▶ Exercise brief
Restate word for word the opening line of the data below and every line after it until the line with "Lessons Learned: The", that line too, but not the pictures.

▶ Task data

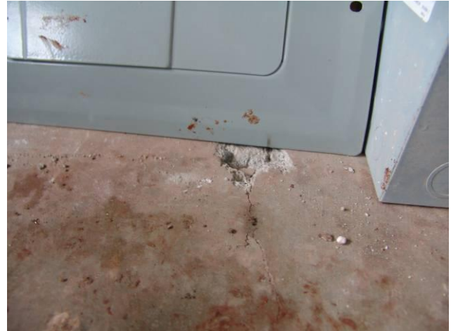
Figure 5: Damage from unbonded rebar

Lessons Learned: The ground path to ground electrode (rod) must be low impedance with no sharp bends causing inductance. The ground electrode (rod) must have low contact resistance. The concrete is an excellent conductor. Rebar must be bonded to provide low potential difference. Any large surface metal provides a preferred path rather than the relatively small AWG 4 copper ground wire.
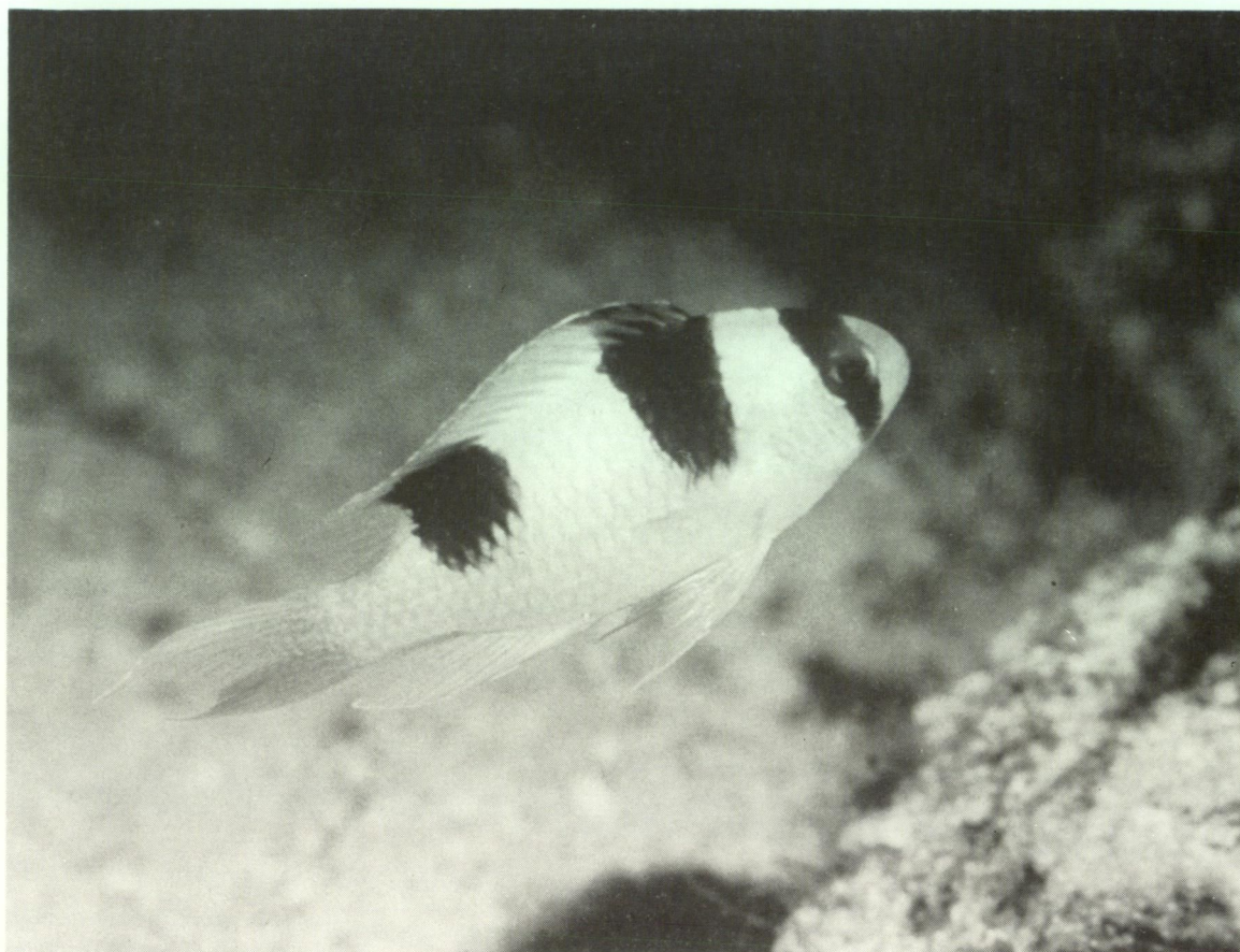
Figure 1 Amblypomacentrus clarus , holotype, 40.3 mm SL, photographed underwater at Banggai Island, Indonesia in 18 m depth.
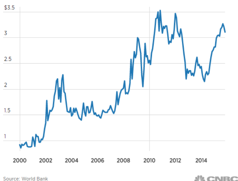
Figure 1: Cocoa Prices from 2000-2014
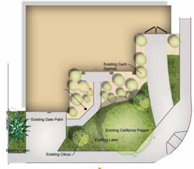
Overhead Model 3
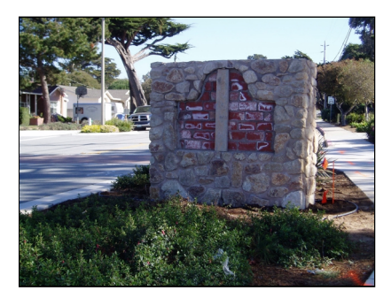
Entry sign under construction!

City of Monterey and second, to let motorists clearly know as they left our commercial district they were entering a thing solid put in the medians (Ramona residential neighborhood.
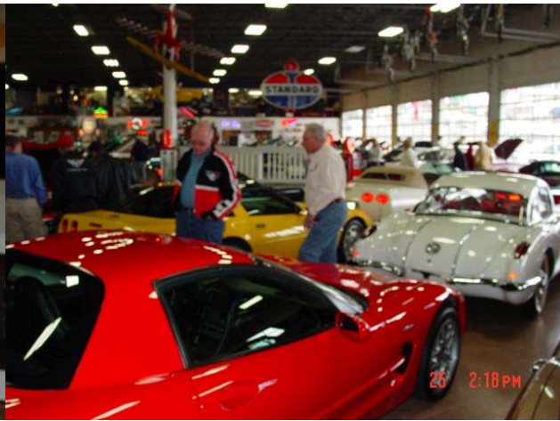
FAST LANES VISIT
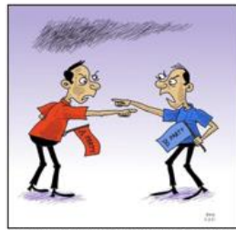
Fig 1. Dear Voter, look beyond colors and ask for platforms
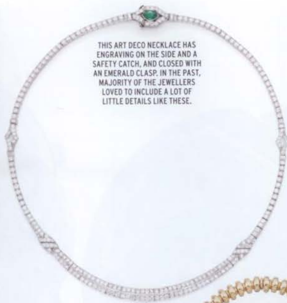
THIS ART DECO NECKLACE HAS ENGRAVING ON THE SIDE AND A SAFETY CATCH, AND CLOSED WITH AN EMERALD CLASP. IN THE PAST, MAJORITY OF THE JEWELLERS LOVED TO INCLUDE A LOT OF LITTLE DETAILS LIKE THESE.
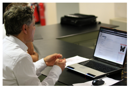
Tutorial on Wikipedia/Commons and Phoebus project Muséum de Toulouse
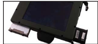
Removable battery & HDD
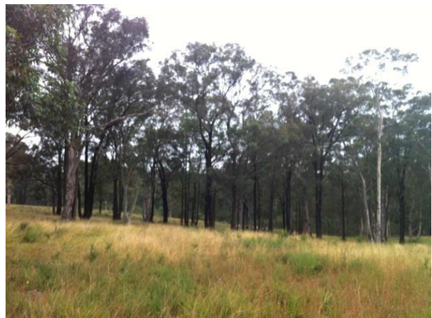
Spot Assessment 138
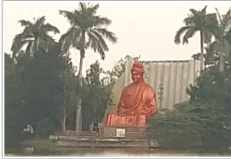
Budha Talab 2.7 KM
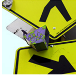
Penthouse Views, No Elevator
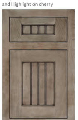
A | 8
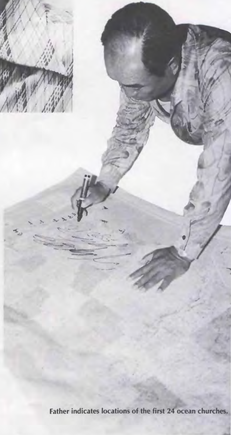
Father indicates locations of the first 24 ocean churches.
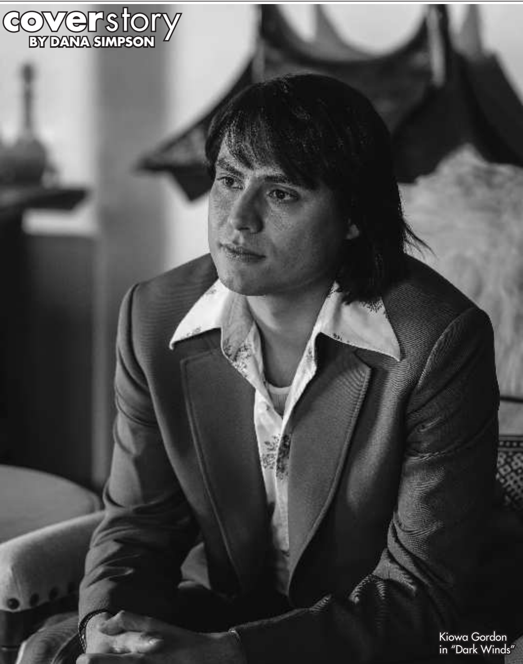
Kiowa Gordon in "Dark Winds"
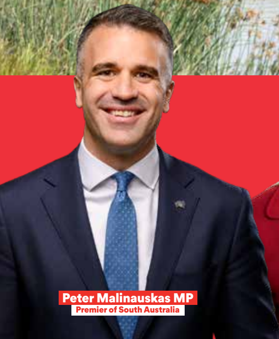
Peter Malinauskas MP Premier of South Australia
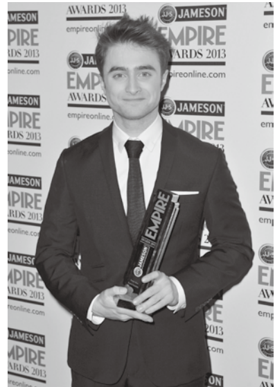
Daniel Radcliffe in London in 2013 at an awards ceremony

The world now waits to see what Radcliffe does next. He has already appeared in stage plays and other movies. He has also become deeply involved in charity work. In particular, Radcliffe supports the Trevor Project, which gives support to young people who are in crisis. Speaking about such young people, Radcliffe said, “I believe that reaching out for help is the bravest thing a person can do”.
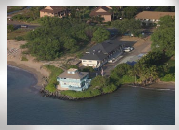
A new multipurpose visitor center is under construction in Kihei, Maui.
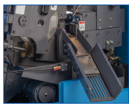
Close up of material chute
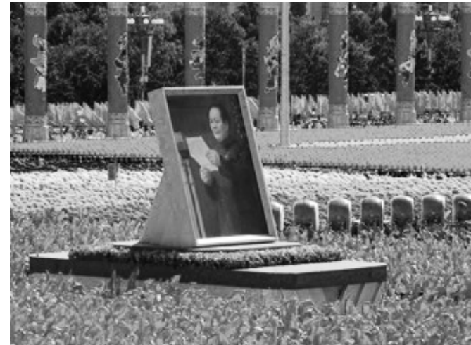
Beijing, 1 October 2009: A giant portrait of Mao Tse Tung heads the official parade to mark the 60th anniversary of the founding of the Communist Party-led Peoples Republic of China.

What the furore over both the Chinese investment proposals and over the jailing of the Rio Tinto executives has highlighted is the fundamental difference between the political system in the PRC and that in capitalist countries. The PRC has been shown
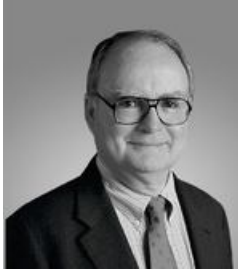
WILLIAM D. RUCKELSHAUS
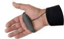
SV 105F Tri-Axial Hand-Arm Vibration Accelerometer with Force Detection
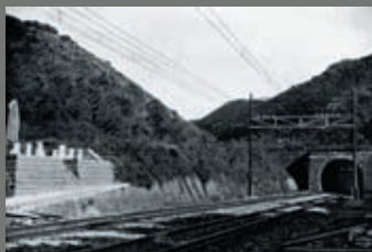
1918 Began construction of Tanna Tunnel (17-year project)
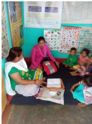
Hope Samvedna Centre
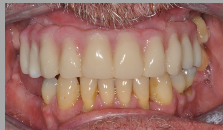
Final Hybrid (not removable)
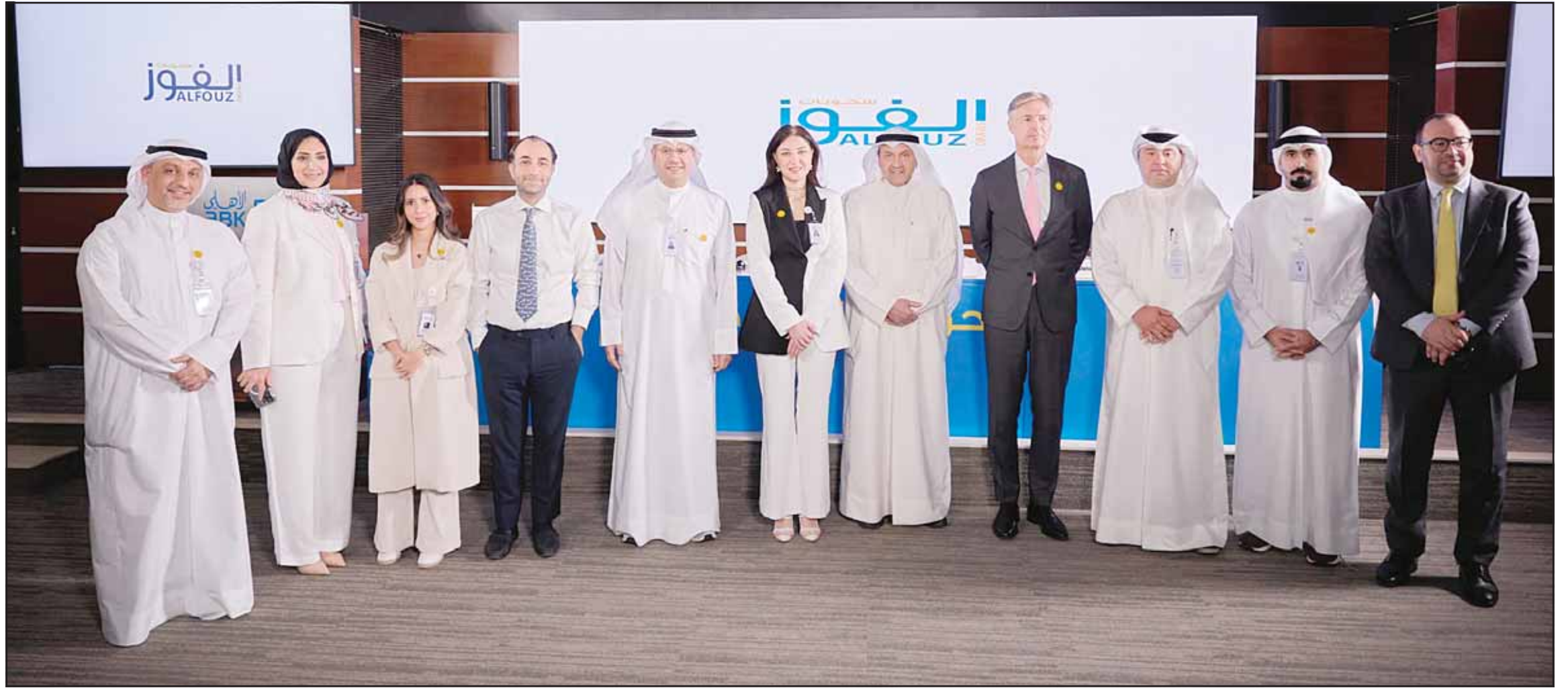
A group photo taken on the sidelines of the raffle.
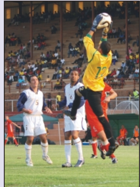
Best keeping..... Portugal against Poland at the Giyani stadium.

As if that was not enough, South Africa came back firing all cylinders following their opening loss against Poland to give South Korea a beating of their lives scoring 15 goals with no response from the Koreans. The South African score remains the highest in the tournament followed by Poland's 14-0 against South Korea.
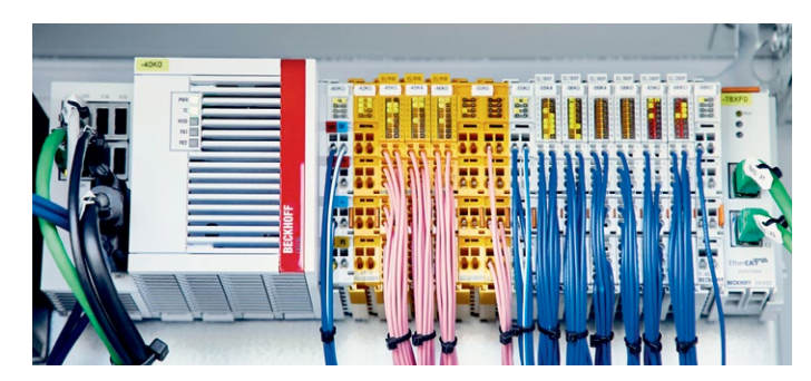
The CX5130 Embedded PC and the I/O level with EtherCAT and TwinSAFE terminals are extremely compact.

inspection system with a sufficiently short cycle time, says Nino Zehnder. In addition, the servo drive technology is much less jerky than pneumatics, which increases the machine's durability due to the reduced inertia forces. The other servo axes are used to take the labels from the magazine and to stack the finished lids. Another positive feature is the One Cable Technology (OCT) from Beckhoff, says Christoph Jenni: "OCT reduces the wiring and assembly effort significantly. And the electronic type plate makes it much easier to commission, troubleshoot and possibly replace devices."
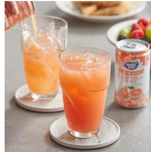
GRAPEFRUIT JUICE - CAN 29894 24/7.2 oz.
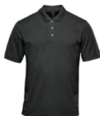
M's & W's: Black

▶ Task output
Figure 5: Damage from unbonded rebar

Lessons Learned: The ground path to ground electrode (rod) must be low impedance with no sharp bends causing inductance. The ground electrode (rod) must have low contact resistance. The concrete is an excellent conductor. Rebar must be bonded to provide low potential difference. Any large surface metal provides a preferred path rather than the relatively small AWG 4 copper ground wire.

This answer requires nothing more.